Оля рассказала нам об этом сегодня на большой перемене. Мы с Наташей вспоминали, как здорово они с Диком выступали, и вдруг у Оли задрожали губы и она, опустив голову, тихо-тихо сказала: «Мы с ним расстались. Вчера».
– Как? – в один голос изумились мы с Натой.
– Так. Мы больше не вместе.
– В смысле? Насовсем? – не поняла Наташка.
– Насовсем.
И глаза такие грустные-грустные…
Мы засыпали Олю вопросами, но она явно не горела желанием рассказывать всё в подробностях. После уроков мы почти силой затащили её в ближайшее кафе, куда часто ходим втроём.
– Что случилось?
– Да ничего! Он увидел, как я разговаривала с Ваней из старшей танцевальной группы, и приревновал. Говорил, что я строю глазки, кокетничаю и «виляю попкой». Я сказала, что ревность – ущербное чувство, а потом слово за слово… Не знаю, что случилось, но мы очень много неприятного друг другу наговорили. Стояли возле моего подъезда и ругались, ругались. Дик сказал, что если я считаю наши отношения ущербными, то мне лучше поискать другого парня… – Она всхлипнула. – И я ответила, что с удовольствием займусь этими поисками. Он повернулся и пошёл прочь. Тут до меня дошло, что мы делаем что-то непоправимое, и я закричала: «Подожди, куда ты?» Дик повернулся и спросил: «Ты всё сказала? Прощай».
вспомнилось мне.
Мы с Натой в один голос стали убеждать Олю, что всё наладится, что Дик обязательно вернётся, что ссора у них вышла глупая… Потом я брякнула, что, если они из-за такой ерунды порвали отношения, значит, и самим отношениям грош цена. Этого Оля не вынесла.

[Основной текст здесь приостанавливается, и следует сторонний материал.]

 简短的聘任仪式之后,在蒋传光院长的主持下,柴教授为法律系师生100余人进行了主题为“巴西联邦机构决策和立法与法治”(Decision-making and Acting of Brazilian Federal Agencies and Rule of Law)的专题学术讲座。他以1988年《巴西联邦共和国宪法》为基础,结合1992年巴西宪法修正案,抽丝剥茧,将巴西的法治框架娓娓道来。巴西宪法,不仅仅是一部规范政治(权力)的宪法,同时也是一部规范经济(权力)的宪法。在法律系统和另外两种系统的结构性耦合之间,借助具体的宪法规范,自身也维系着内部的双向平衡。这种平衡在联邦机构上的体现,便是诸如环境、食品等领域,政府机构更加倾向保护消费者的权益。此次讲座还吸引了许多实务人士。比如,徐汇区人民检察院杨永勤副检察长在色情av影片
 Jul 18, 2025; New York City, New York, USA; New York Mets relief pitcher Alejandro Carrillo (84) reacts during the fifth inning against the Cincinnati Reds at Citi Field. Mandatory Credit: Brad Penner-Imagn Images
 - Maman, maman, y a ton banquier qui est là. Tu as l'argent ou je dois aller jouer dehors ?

– Ничего вы обе не понимаете! Мы любим друг друга! – крикнула она, схватила свои вещи и пулей вылетела из кафе. Мы с Натой молча уставились друг на друга.
– Нелогично, – сказала я.
– Странно, – добавила Наташка.
– Пойдём за ней?
– Нет, Ольча сейчас не в себе. Давай подождём. Всё равно вечером она кому-нибудь из нас позвонит.

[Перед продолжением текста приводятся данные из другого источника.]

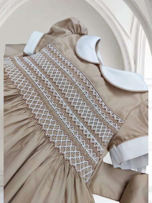 Camel smocked dress
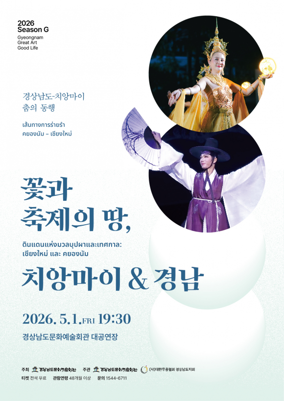 최용석 경남문화예술회관 관장은 “이번 공연은 치앙마이와 경상남도가 문화적 교류를 통해 양 지역 문화의 다양성을 이해하며 예술적 영감을 소중한 시간이 될 것”이라며, “앞으로 경남문화예술회관은 다양한 국제 문화교류를 통해 도민의 문화향유 기회를 넓혀 나가겠다”고 전했다. ▲공연일시 5. 1.(금) 19:30 ▲입장권 전석 무료 (사전 예약) ▲관람연령 48개월 이상 「경상남도-치앙마이 춤의 동행 ‘꽃과 축제의 땅, 치앙마이 & 경남’」공연과 관련된 자세한 사항은 경남문화예술회관 누리집(artcenter.gyeongnam.go.kr) 또는 대표 전화(☎ 1544-6711)로 확인할 수 있다.
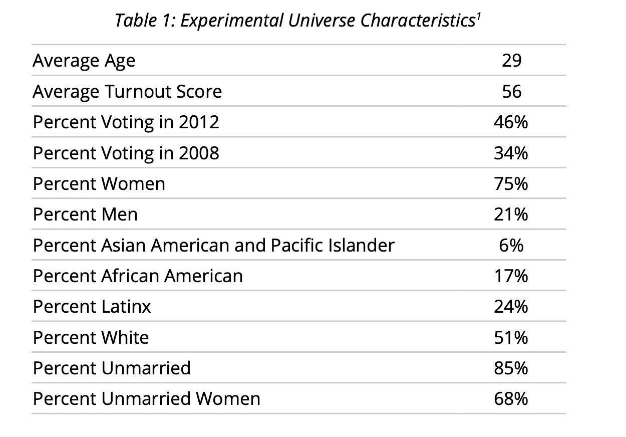 The experimental universe included 1,207,316 registered voters with cell phone numbers on the TargetSmart voter file. Targets were people of color under 40 and unmarried women under 35 residing in AZ, MO, NV, OH, PA, UT, and WI.
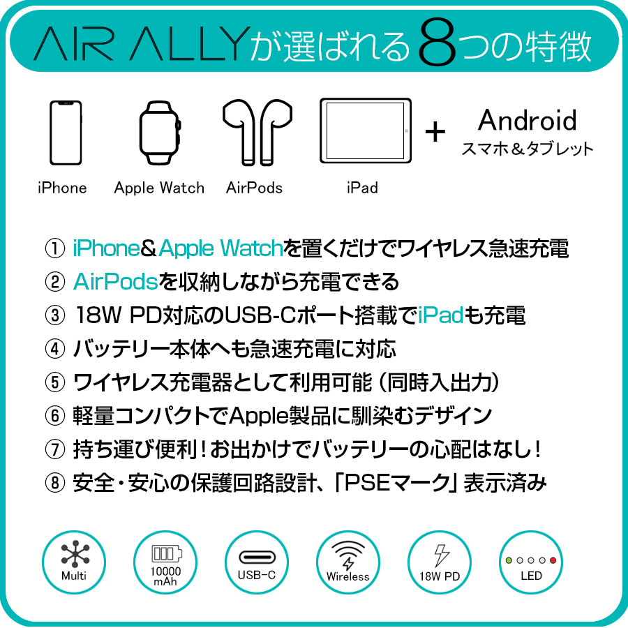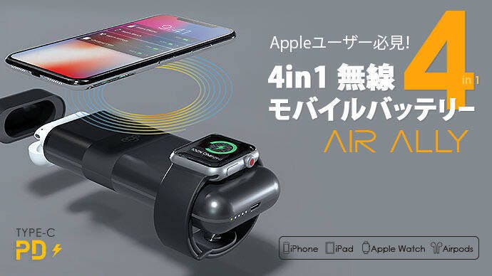 AirAlly(エアーアリー)は、iPhone、iPad、Apple Watch、Air podsなどのApple製品を最大4台同時に充電できる10000mAh大容量モバイルバッテリーです。
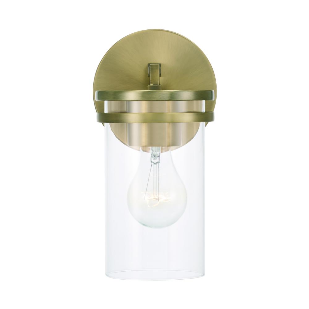 5"W x 9.75"H 1-Light Sconce in Aged Brass with Clear Glass

Да, Наталья оказалась права. Вечером, когда я готовилась к очередному занятию с Анной Петровной, позвонила Оля. Она путано что-то объясняла, всхлипывала и пыталась извиниться. Я тоже попросила прощения за свою резкость. Мы посмеялись, и я искренне пообещала ей, что Дик вернётся.
14 января 2000 года
…И я тоже была права. Сначала Эдуард позвонил мне, чтобы узнать, как Оля. Факт сам по себе удивительный. Хотя у Дика есть мой номер телефона, он звонил мне максимум раза три за то время, что они с Олей встречаются.
– Привет, Марина, это Эд… Это Дик, – сказал он в трубку каким-то скучным голосом.
– Привет, – я изо всех сил пыталась сделать вид, что нисколько не удивлена его звонку.
– Марин, я… хотел узнать, как Оля, – начал он. По голосу я слышала, что он пытается придумать хоть какое-то удобоваримое объяснение своему вопросу, но, судя по всему, ничего не получилось, и в трубке повисла неуютная пауза. – Ну, ты, наверное, всё знаешь…
– Знаю, Дик. Вы как дети маленькие! – не удержалась я. – Оля… в порядке. Наверное. Насколько это возможно.
– Она не пришла вчера на тренировку.
Этого я не знала.
– Видимо, подумала, что, раз вы расстались, ей нет смысла туда идти, ведь теперь она осталась без партнёра.
– Мы не расстались! – почти закричал Дик. – Повздорили, поругались, поссорились, но не расстались! Это Оля тебе сказала?
– Она так поняла.
– И…
– Дик, вы оба ведёте себя как дети. Сначала ты ревнуешь её по пустякам, потом вы говорите друг другу слова, которые трудно забыть… Ты мне скажи, какой смысл мотать друг другу нервы, если можно просто жить и быть счастливыми? – выпалила я.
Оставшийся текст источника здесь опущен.